Дядя Матвей мой жест заметил, но виду не подал. Мы были с ним сейчас заодно. Ему в свадебном путешествии вряд ли нужны спутники помимо молодой жены. Да и мне вовсе не улыбалось отправиться с ними. Постоянно наблюдать, как они лижутся, и чувствовать себя третьей лишней — спасибочки! Хотя суточный полет на цеппелине, в конце которого — Курилы, приключение, конечно, высший класс. Вулканы, гейзеры, седой грозный океан… и ни одного Нашего Нового Соседа. Чернокожие почему-то не желали там селиться — ни при каких условиях. Наверное, лава, пепел и серный чад чересчур живо напоминали им о пепелищах родимой Африки.

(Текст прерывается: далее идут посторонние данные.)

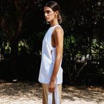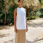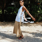 A versatile day-to-night top with a high neck and open sides. They are adorned by two rows of straps that can be tied in a knot.

— Виктория, — сказала мама таким непривычно мягким тоном, что у меня запершило в носу и защипало в уголках глаз. Я моргнула и насколько могла непринужденно улыбнулась. — Виктория, мы с папой последний раз предлагаем тебе лететь с нами.
— Мамочка! — начала я так, словно сейчас закачу получасовую прощальную речь со слезами, но тут же отрезала: — Нет.
— Хорошо. — Показалось мне, или мама в самом деле облегченно выдохнула? — Стало быть, наказы остаются прежними. Во всем, что касается распорядка дня и учебы, ты беспрекословно слушаешься Глашу и Трофима Денисовича. За пределы усадьбы выходишь только в сопровождении Кучума. Особенно когда захочешь прогуляться в направлении негритянской деревни.
Мама упрямо не желает говорить Наши Новые Соседи. Предпочитает платить ежемесячный штраф за нетолерантность, но называть негров неграми, китайцев китайцами, а евреев евреями. По-моему, зря. Лучше бы эти средства на что-нибудь полезное истратила. Например, на подружку для моего Сцеволы. Очень хочется посмотреть, как у дымкролов обстоят дела с любовью.
— Ну и все, пожалуй. Иди, я тебя поцелую.
— Счастливого пути, мамочка, — пролепетала я, подставляя маминым губам щечку. — Счастливого пути, папочка!
У дяди Матвея порозовели от удовольствия мочки ушей. Он неловко чмокнул меня в макушку, а через секунду уже подсаживал маму на первую ступеньку трапа. Потом запрыгнул сам. Трап, хоть и выглядел хрупким, принял его, не скрипнув, не покачнувшись. А ведь дядя Матвей — самый большой человек, какого я встречала в жизни. Мама рядом с этим исследователем приполярных болот выглядит прямо-таки Дюймовочкой.
Трап пополз вверх, из гондолы полилась торжественная и одновременно веселая музыка. В бортах открылись люки, оттуда выдвинулись жерла крошечных пушечек и начали палить во все стороны, разбрасывая конфетти. Похожее на тощего крокодила облако напугалось канонады и превратилось в стайку пушистых обрывков. Впечатлительный Сцевола зарыдал.
Дирижабль оторвался от причального шеста и, продолжая сорить разноцветными, быстро тающими в воздухе кружочками, поплыл на восток.
Наши домашние буратины, Глаша и Трофим Денисович, прощально замахали деревянными ладошками, а дяди Матвеев Кучум издал возглас, напоминающий рев сирены и застучал друг о друга кончиками рогов. Сейчас на них были надеты толстые, ярко-желтые резиновые пробки, поэтому звук получился чудной — как будто кто-то изо всей силы аплодирует маминому и папиному отбытию.